How to complete this task -> Transcribe the data below verbatim from the line with "Başiskele'de düzenlenen programda" to the line with "ホームは地下にあり、2面2線". Include both of those lines.

Material for this exercise ->

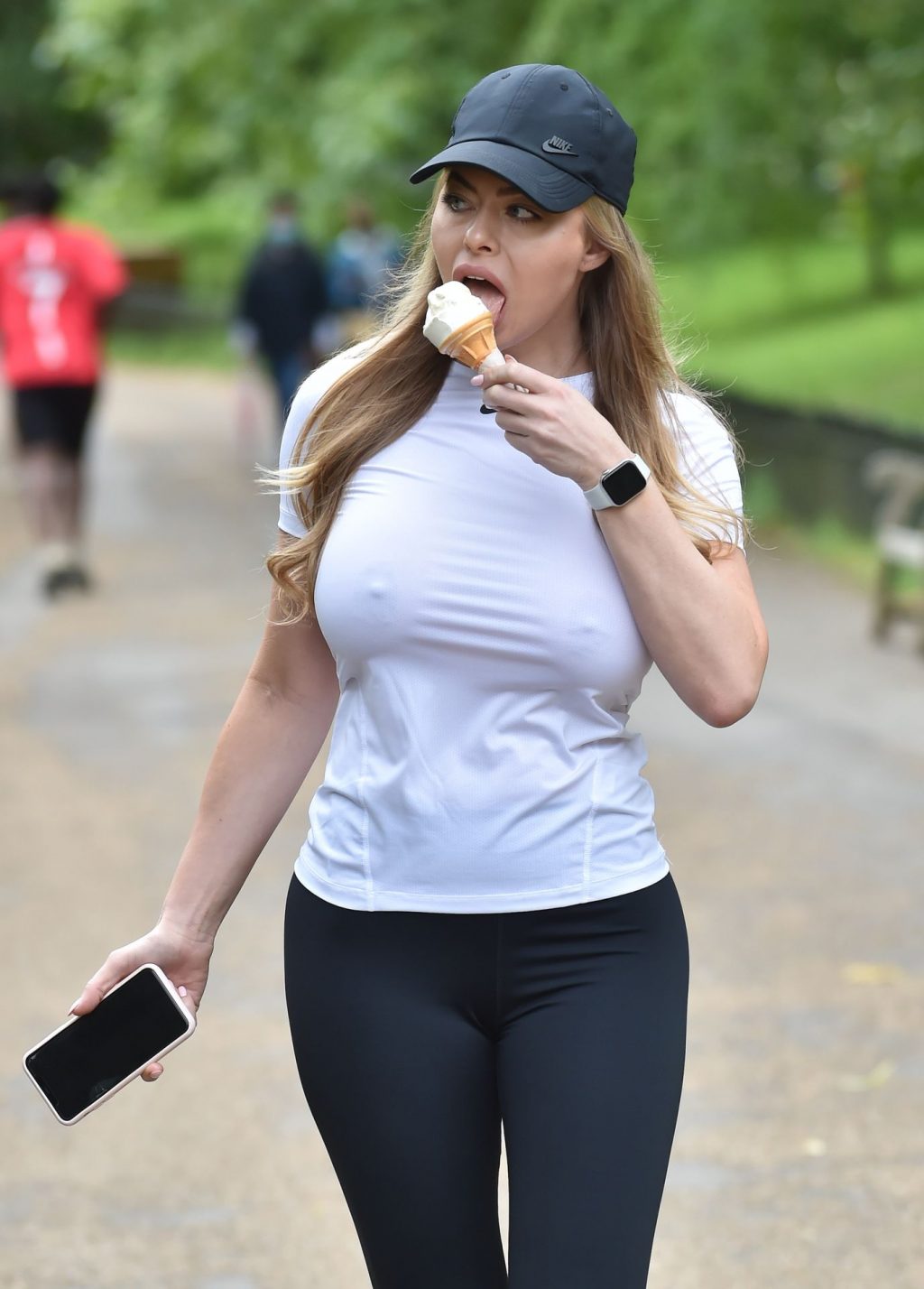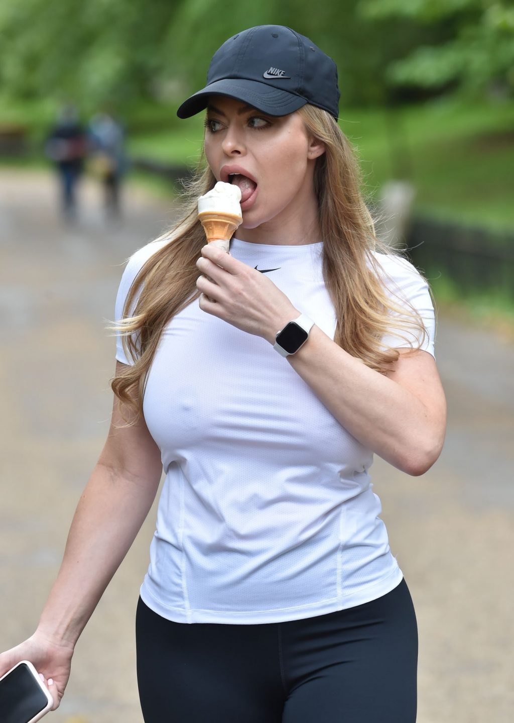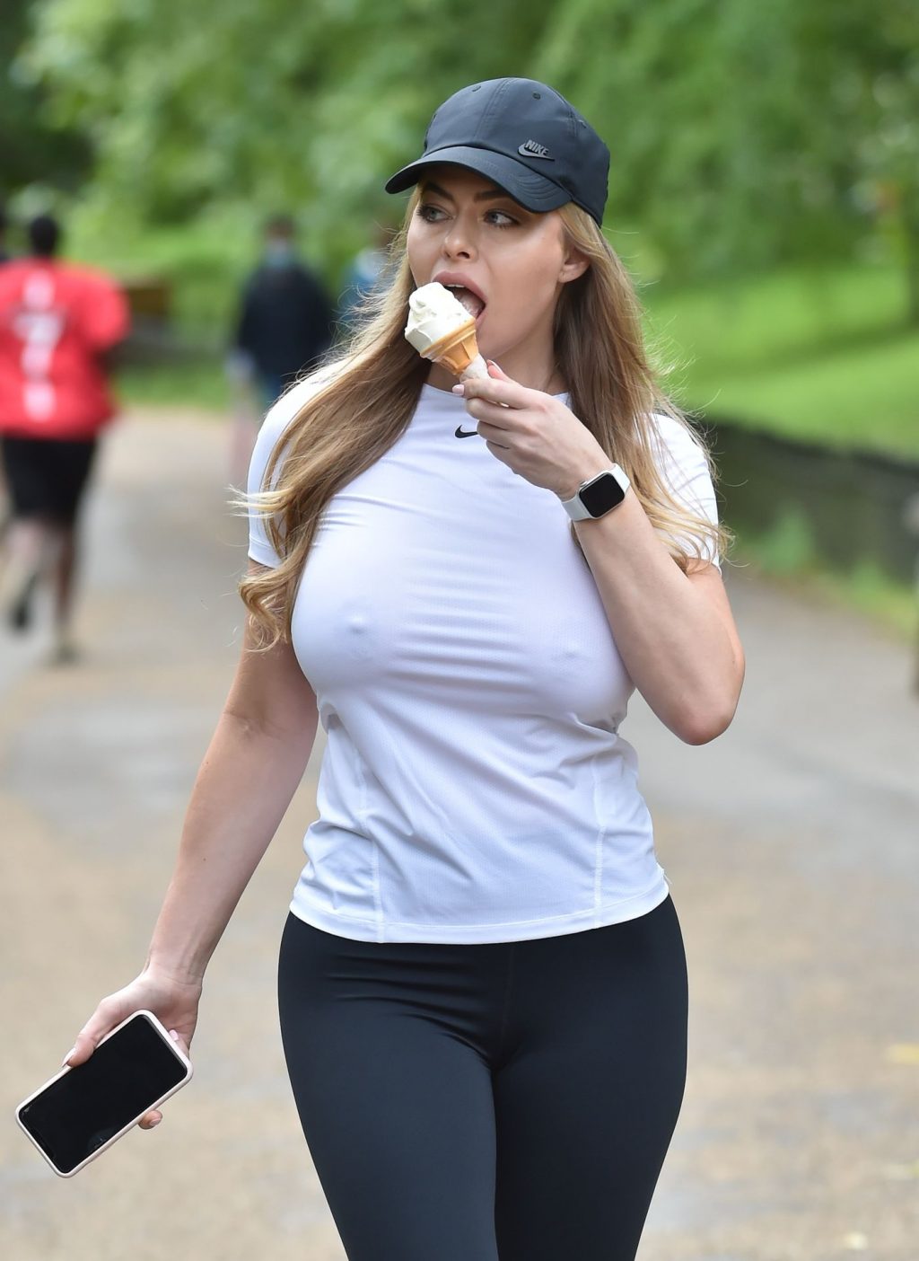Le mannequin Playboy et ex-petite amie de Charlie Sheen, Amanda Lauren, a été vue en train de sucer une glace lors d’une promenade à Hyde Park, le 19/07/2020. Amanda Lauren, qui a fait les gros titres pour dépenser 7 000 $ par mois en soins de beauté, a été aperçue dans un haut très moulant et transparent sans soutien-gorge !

...

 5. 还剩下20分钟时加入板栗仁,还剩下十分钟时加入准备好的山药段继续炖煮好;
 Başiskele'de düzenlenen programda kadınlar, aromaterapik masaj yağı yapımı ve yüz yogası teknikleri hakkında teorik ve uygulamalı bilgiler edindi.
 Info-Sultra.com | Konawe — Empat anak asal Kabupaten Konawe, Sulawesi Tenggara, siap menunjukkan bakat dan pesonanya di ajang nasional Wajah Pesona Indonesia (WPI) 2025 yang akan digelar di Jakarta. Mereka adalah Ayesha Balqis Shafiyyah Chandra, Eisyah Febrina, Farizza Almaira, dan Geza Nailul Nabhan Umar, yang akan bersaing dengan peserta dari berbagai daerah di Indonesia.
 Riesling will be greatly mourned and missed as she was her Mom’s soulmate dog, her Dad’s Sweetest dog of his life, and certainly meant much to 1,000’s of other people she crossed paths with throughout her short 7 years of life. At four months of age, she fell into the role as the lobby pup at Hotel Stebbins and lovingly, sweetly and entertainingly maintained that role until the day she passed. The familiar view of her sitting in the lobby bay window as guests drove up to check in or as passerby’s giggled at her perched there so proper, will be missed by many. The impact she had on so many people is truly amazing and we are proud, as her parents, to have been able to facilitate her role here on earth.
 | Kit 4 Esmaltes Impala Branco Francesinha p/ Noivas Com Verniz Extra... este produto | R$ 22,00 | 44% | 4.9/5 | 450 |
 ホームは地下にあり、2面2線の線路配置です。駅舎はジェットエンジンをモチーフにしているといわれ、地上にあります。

Output for this task ->
 Başiskele'de düzenlenen programda kadınlar, aromaterapik masaj yağı yapımı ve yüz yogası teknikleri hakkında teorik ve uygulamalı bilgiler edindi.
 Info-Sultra.com | Konawe — Empat anak asal Kabupaten Konawe, Sulawesi Tenggara, siap menunjukkan bakat dan pesonanya di ajang nasional Wajah Pesona Indonesia (WPI) 2025 yang akan digelar di Jakarta. Mereka adalah Ayesha Balqis Shafiyyah Chandra, Eisyah Febrina, Farizza Almaira, dan Geza Nailul Nabhan Umar, yang akan bersaing dengan peserta dari berbagai daerah di Indonesia.
 Riesling will be greatly mourned and missed as she was her Mom’s soulmate dog, her Dad’s Sweetest dog of his life, and certainly meant much to 1,000’s of other people she crossed paths with throughout her short 7 years of life. At four months of age, she fell into the role as the lobby pup at Hotel Stebbins and lovingly, sweetly and entertainingly maintained that role until the day she passed. The familiar view of her sitting in the lobby bay window as guests drove up to check in or as passerby’s giggled at her perched there so proper, will be missed by many. The impact she had on so many people is truly amazing and we are proud, as her parents, to have been able to facilitate her role here on earth.
 | Kit 4 Esmaltes Impala Branco Francesinha p/ Noivas Com Verniz Extra... este produto | R$ 22,00 | 44% | 4.9/5 | 450 |
 ホームは地下にあり、2面2線の線路配置です。駅舎はジェットエンジンをモチーフにしているといわれ、地上にあります。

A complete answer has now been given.